1) S1 and S2 remove tail speech (or other edit cell)---in matrix, be expressed as m[i-
1, j-1]+mark;
2) have only S1 to remove the tail speech, S2 keeps---and be expressed as m[i-1, j]+mark;
3) have only S2 to remove the tail speech, S1 keeps---and be expressed as m[i, j-1]+mark;
For situation 1, mark can so calculate:
If the tail speech of S1 and S2 is identical, so mark=0;
Otherwise mark is 1; (cost is a computing) // in the ED of weighting, mark is
Variable.See form above-mentioned, for example noun is 0.6.
As mentioned, in order to calculate recursive procedure, the method that is called as dynamic routine can be used.
Although showed special P OS mark, the mark of the different ingredients of language can be changed from those values shown in the form 1 in different application in other embodiments.Therefore, by the selected sentence S={D of TF-IDF method
i| Sim (D
i, Q
j) 〉=δ } be arranged by weighing edit distance ED, and an ordered list T can obtain
T={T
1, T
2, T
3..., T
n, wherein, ED (T
i, Q
j) 〉=ED (T
I+1, Q
j) 1≤i≤n
T wherein
1To T
nBe candidate's example sentence (D of indication before also being
1To D
n), and ED (T
i, Q
j) be sentence T
iWith input query sentence Q
jBetween the editing distance of calculating gained.

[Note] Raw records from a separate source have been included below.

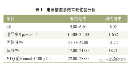 取電泳槽液進行常規參數化驗分析,見表 1。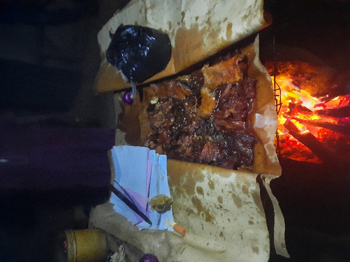 A stacked display with food in the center, possibly barbeque or stew, resting on brown paper. Above the food is a black plastic bag. Below, there are blue-tinted papers, a pair of chopsticks, and a small, round object. The display appears to be near a campfire, which is visible in the background. The area surrounding the display is dark, suggesting an outdoor or nighttime setting.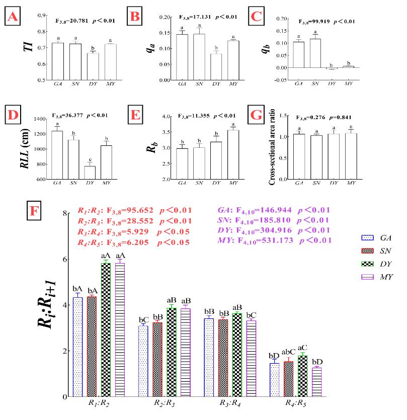 根系构型作为重要的一种根系经济谱,描述了根系在土壤中的空间排列顺序和位置,决定了植物对土壤中水分和养分的探索。根系的可塑性对植物适应环境具有重要作用。一般来说,植物的根系构型会因单一胁迫而分化,但在复杂关系的土壤环境中根系构型的表型可塑性尚未得到阐明,主要是因为相互作用的环境因素之间存在拮抗、协同或互补效应。因此,我们以广安、遂宁、绵阳和德阳分布的25-30年生的柏木纯林为研究对象,测定了柏木根系在4个生境中的拓扑结构和分枝结构,结合土壤理化性质分析了土壤环境中多种因素对柏木根系构型的影响。研究发现,根系为了适应不良的土壤环境,能够通过增加其内部连接的数量、根系连接长度、低级根系的分枝率,以及降低外部连接的数量等行为,来进行相应的塑性改变,同时,根系构型能从鱼尾状分支模式更改为叉状分支模式。冗余分析表明,土壤理化指标中全钾是导致根系构型变化的主要因素。这一结果有助于揭示根系对生境变化的响应机制和生态适应策略。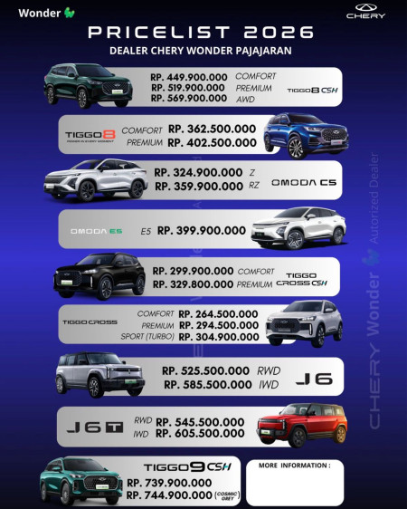 Selamat datang di Dealer Chery Wonder Pajajaran, pilihan terbaik untuk mendapatkan mobil Chery impian Anda dengan harga kompetitif, promo menarik, dan layanan profesional. Sebagai dealer resmi Chery di Jabodetabek, kami menawarkan berbagai model unggulan dengan teknologi canggih, desain modern, dan performa terbaik.
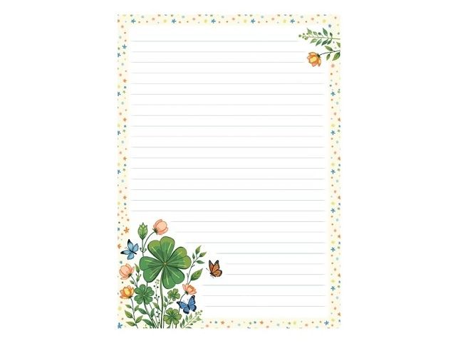Psaní pro štěstí! Dopisní sada s motivem čtyřlístků, květin a motýlů dodá vašemu psaní jemnost a svěžest. Vaše slova tak získají lehkost a kouzlo přírody, které potěší každého, kdo váš dopis otevře. BALENÍ OBSAHUJE: - 10 potištěných dopisních papírů formátu A4 - 5 barevných poštovních obálek formátu C6 FORMÁT: A4 MOTIV: čtyřlístek PROVEDENÍ: linkovaný Baleno v plastovém průhledném obalu se závěsem. Uvedená cena je za 1 balení.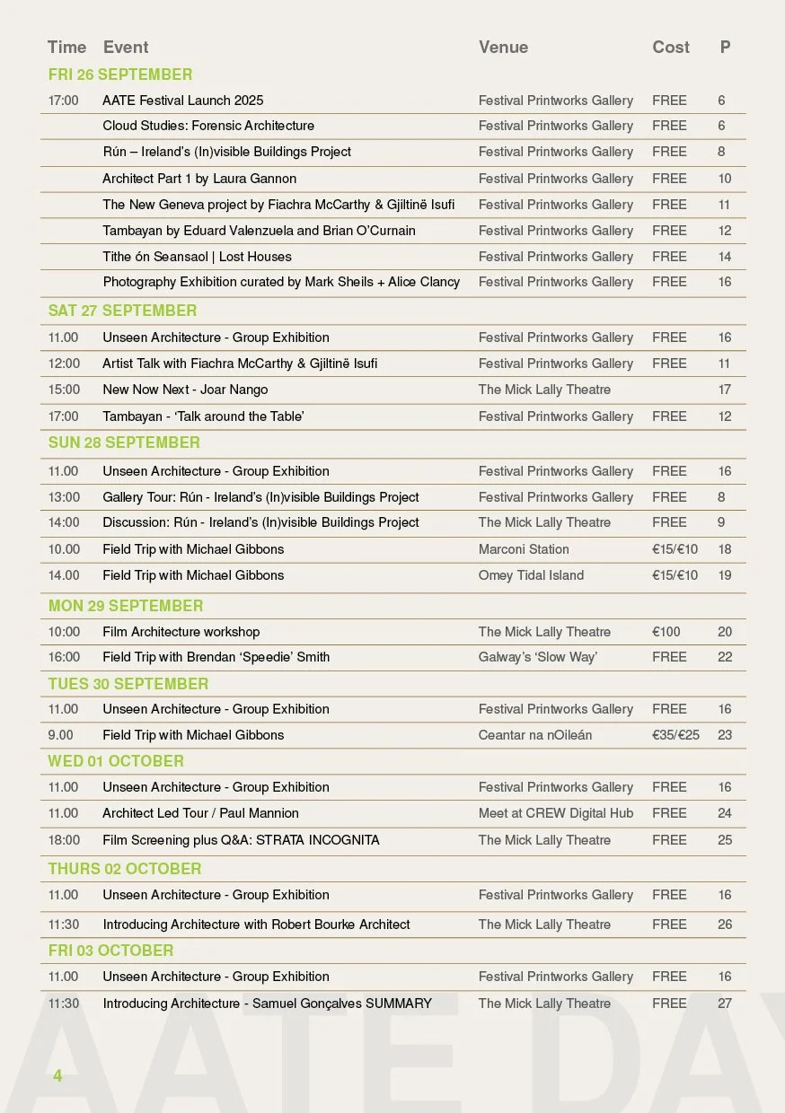It is with great pleasure that we welcome you to the Architecture at the Edge Festival 2025. The topic of this year’s Festival is centred on the theme of the ‘Unseen’. To make visible the often invisible factors that shape space. Our world is made up of a complex combination of connections and influences that are often abstract and invisible, while simultaneously also being something physical which everyone experiences on a daily basis.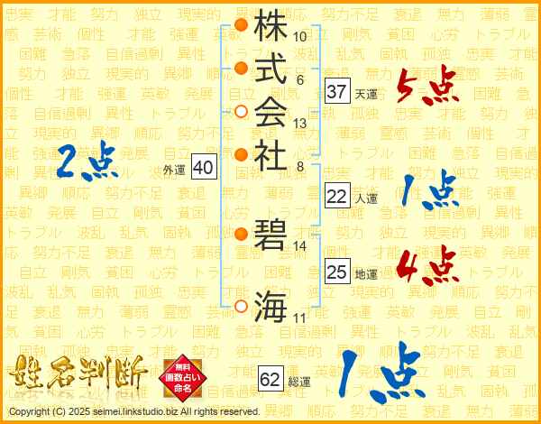 株(10画)式(6画)会(13画)社(8画) 碧(14画)海(11画)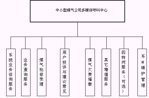 客戶利用電話、手機(jī)等撥打某一特服號(hào)碼(如9xxxx)進(jìn)入中小型煤氣公司多媒體呼叫中心系統(tǒng),本系統(tǒng)依托煤氣公司各類業(yè)務(wù)技術(shù)支持系統(tǒng)和網(wǎng)絡(luò)系統(tǒng),通過人工受理或自動(dòng)語音服務(wù)等方式全天24小時(shí)不間斷地為客戶提供各種服務(wù)。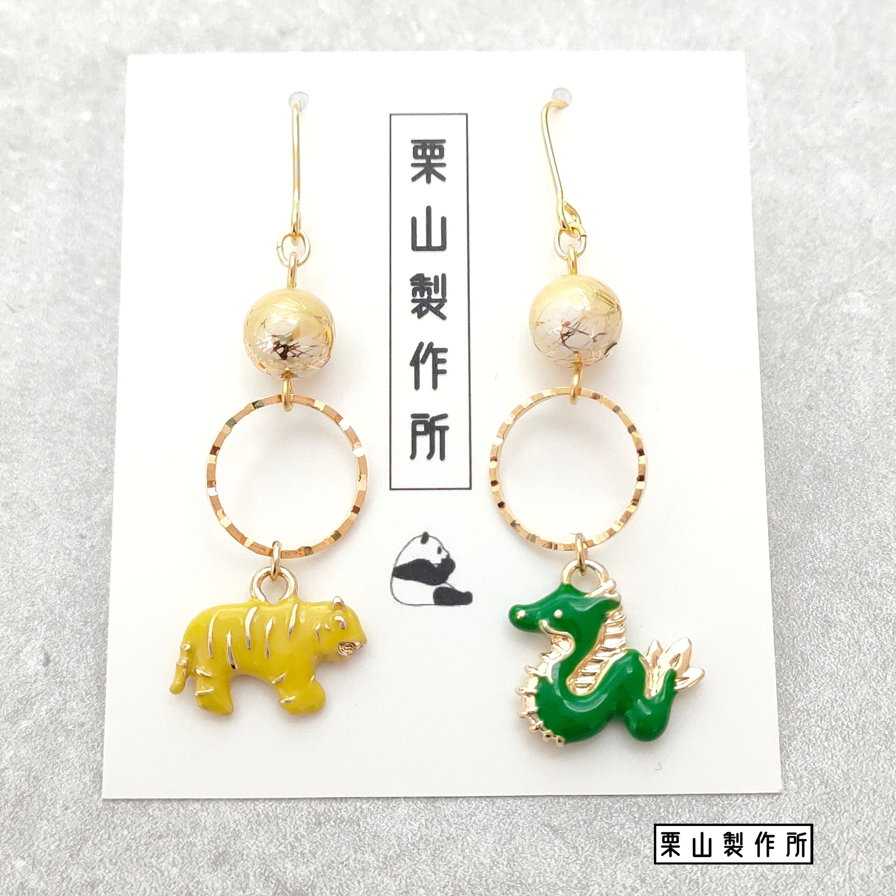 と! 向かい合った、虎と龍に唐草パールのピアス・イヤリングも!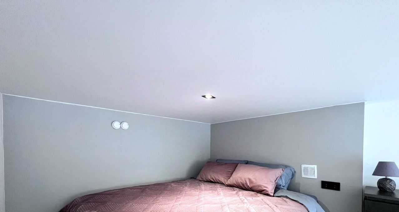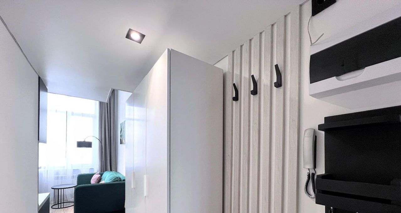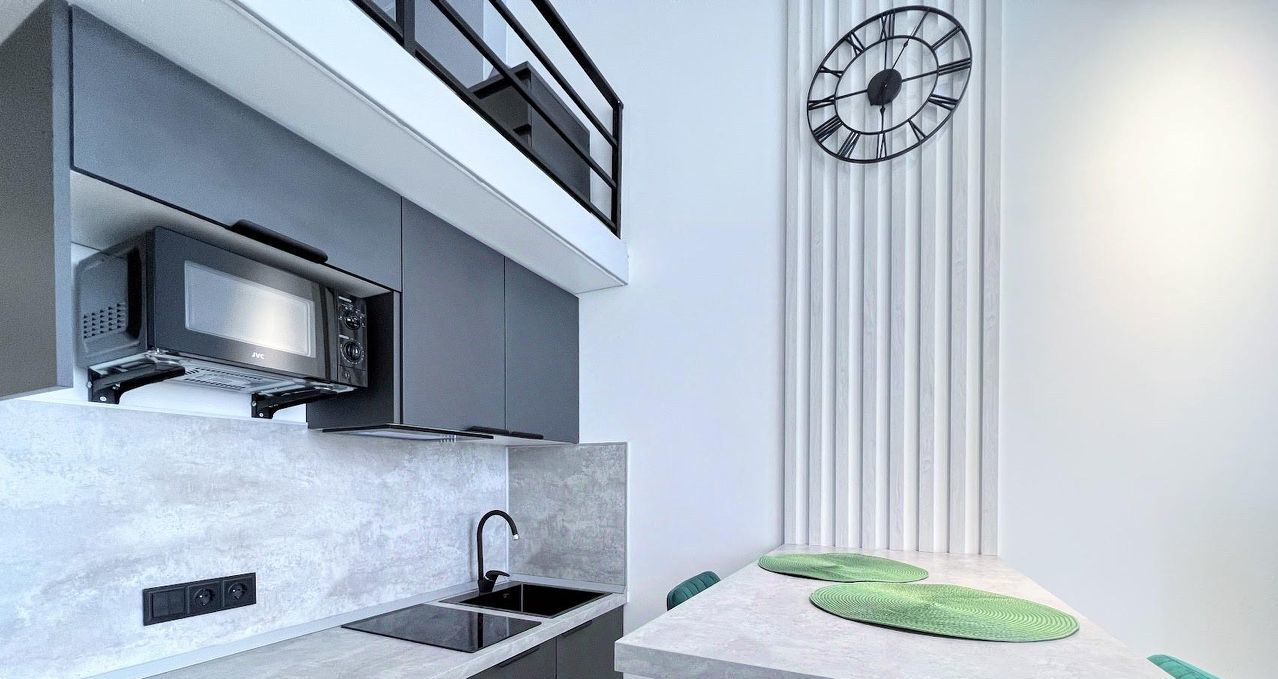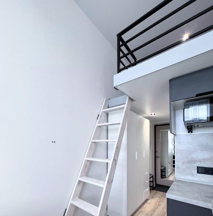 Студия оборудована всей необходимой мебелью и бытовой техникой. На первом уровне (16 м2) располагается зона кухни-гостиной, прихожая, совмещенный санузел с душевой кабиной, на антресоли (6 м2) двуспальная кровать.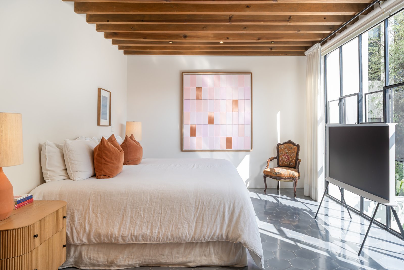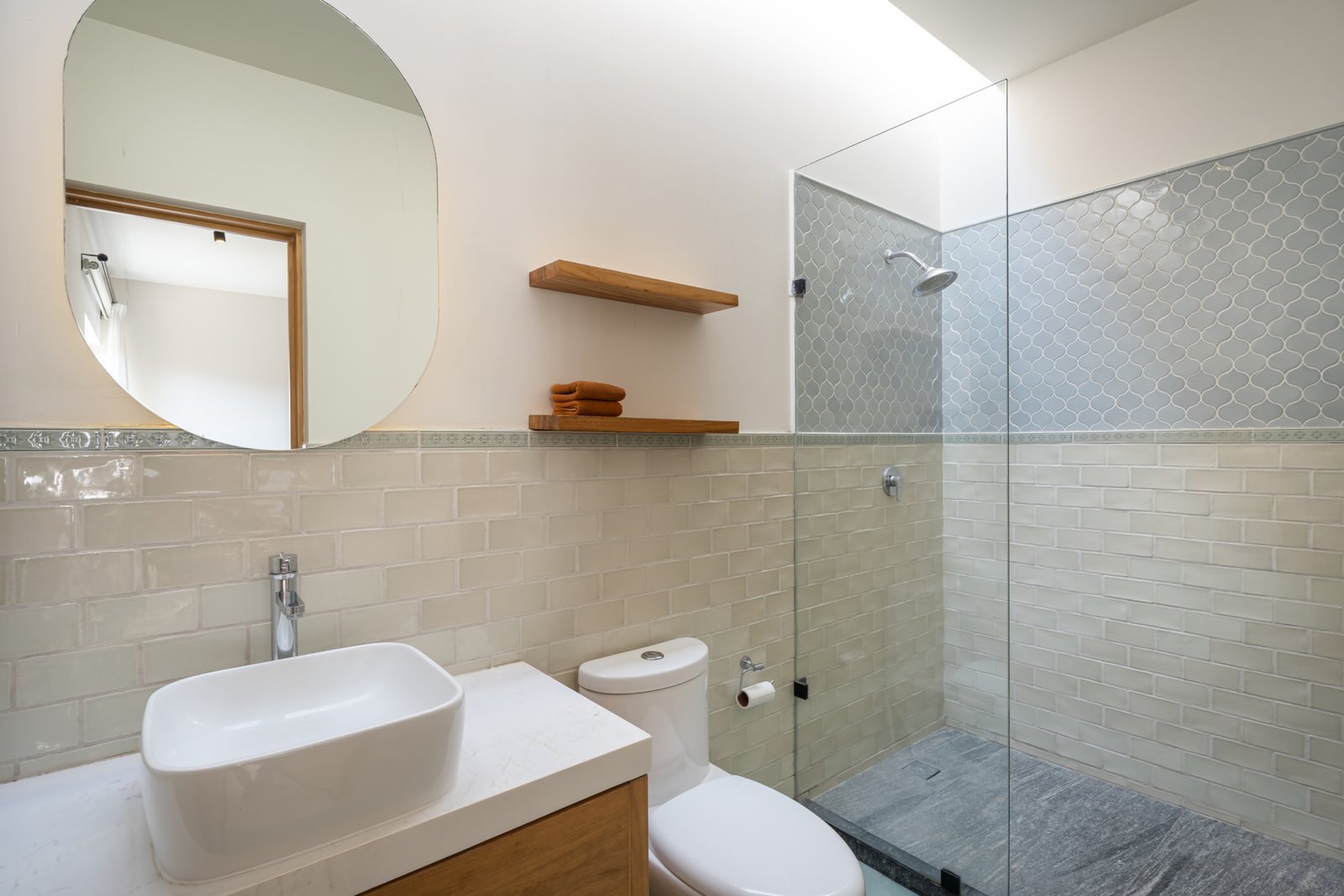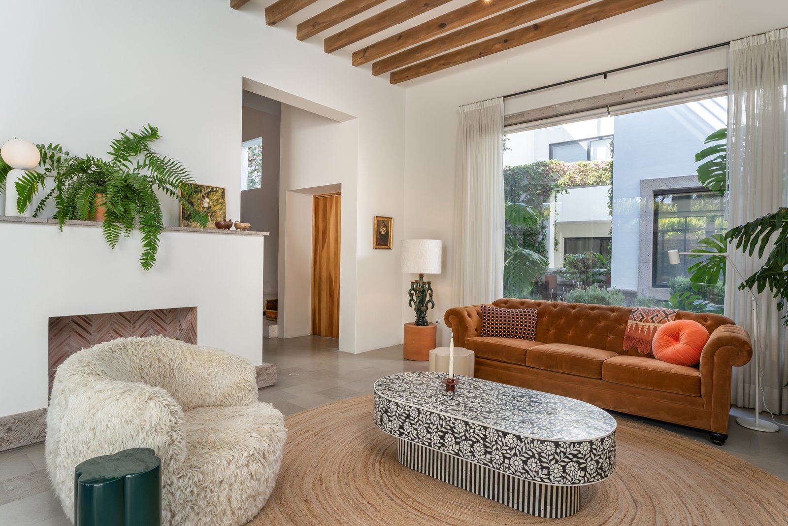 Designed for contemporary living, the home features an open concept living and kitchen area flooded with natural light, creating a seamless flow ideal for everyday comfort and effortless entertaining. Expansive windows allow abundant sunlight to allow abundant sunlight in and frame two panoramic views; the historic San Antonio Church on one side and the surrounding mountain landscape on the other. The result is a refined and authentic expression of modern Mexican living.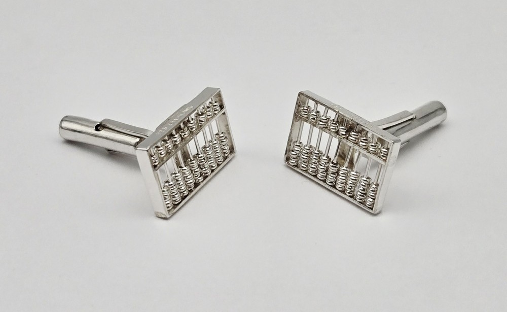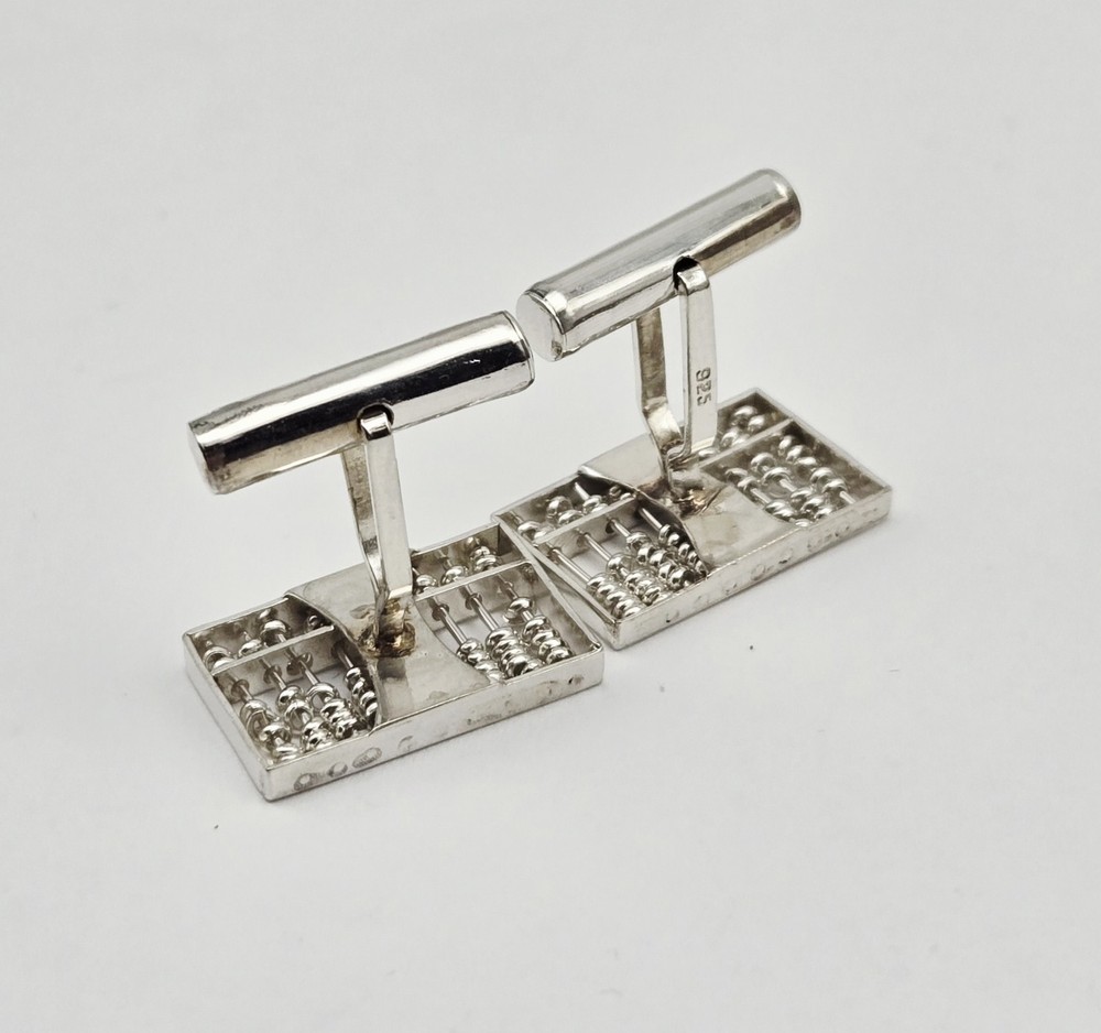 VTG Sterling Silver Working Abacus Mathematics Articulated Cufflinks - 6.5g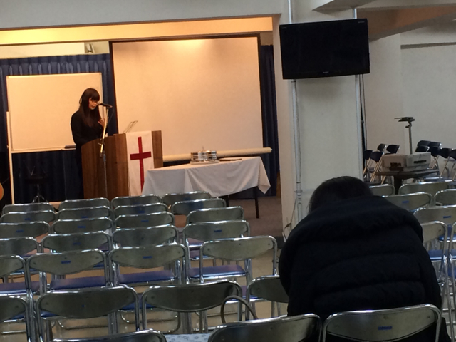会堂では水曜礼拝が行われています。 今、高橋さんがメッセージをされています。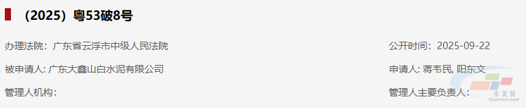 据全国企业破产重整案件信息网公开信息显示,广东大鑫山白水泥有限公司已被蒋韦民、阳东文向广东省云浮市中级人民法院申请破产,公开时间为9月22日,案号为(2025)粤53破8号。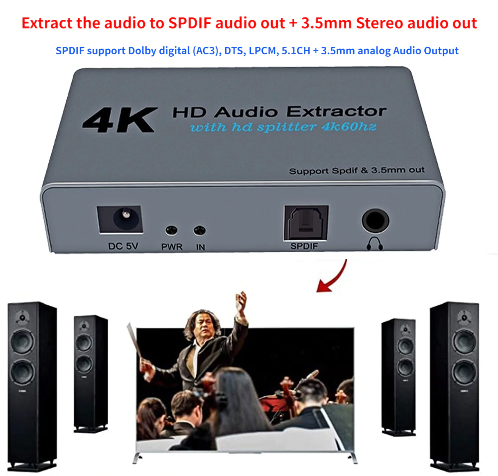 HDMI Audio Splitter 4K 60Hz HDMI Audio Extractor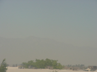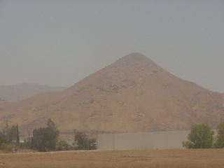 Mount Baldy through the haze of a summer afternoon in the San Bernardino Valley.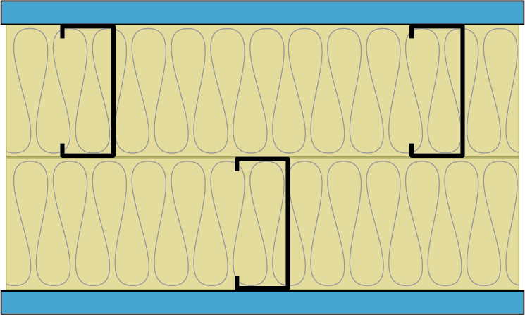 - 6-1/4” R-19 glass fiber insulation friction fit into stud cavity.

Another embodiment of general-purpose system shown in Figure 4 and method is represented in Fig. 5 block diagram.As among Fig. 5 shown in 505, input sentence Q
jOffer system as inquiry, the POS mark that is used in type known in the art is given inquiry sentence Q
jThe ingredient of language put on mark, at 515 place's stop-words by from Q
jThe middle removal.To be considered to not comprise many be the speech of purpose information with the information retrieval to stop-word in information retrieval field.These speech generally are the speech that high-frequency occurs, as " is ", " he ", " you ", " a ", " the ", " an " or the like.Remove space requirement and efficient that they can improve program.
As shown in 520, the TF-IDF mark of each sentence is obtained by described above or similar methods in the sentence set.Sentence with the TF-IDF mark that surpasses thresholding δ is chosen as candidate's example sentence as refinement or modification input query sentence Q, or handles as machine aided translation.This shows at square frame 525 places.Then, selected candidate's example sentence is rearranged as discussed earlier.In Fig. 5, at 530 places the editing distance " ED " that calculates between each selected sentence and the input sentence is described, and at 535 places explanation basis " ED " mark arrangement candidate sentence.
Although described the present invention about special embodiment, those of ordinary skill in the art will appreciate that not breaking away under the spirit and scope of the present invention and can make a change form and details.For example, should with in the special TF-IDF algorithm represented as an example can change with the algorithm that type be known in this area or replace.Equally, in the candidate's sentence that rearranges based on weighing edit distance, the algorithm outside the algorithm that provides as an example can be used.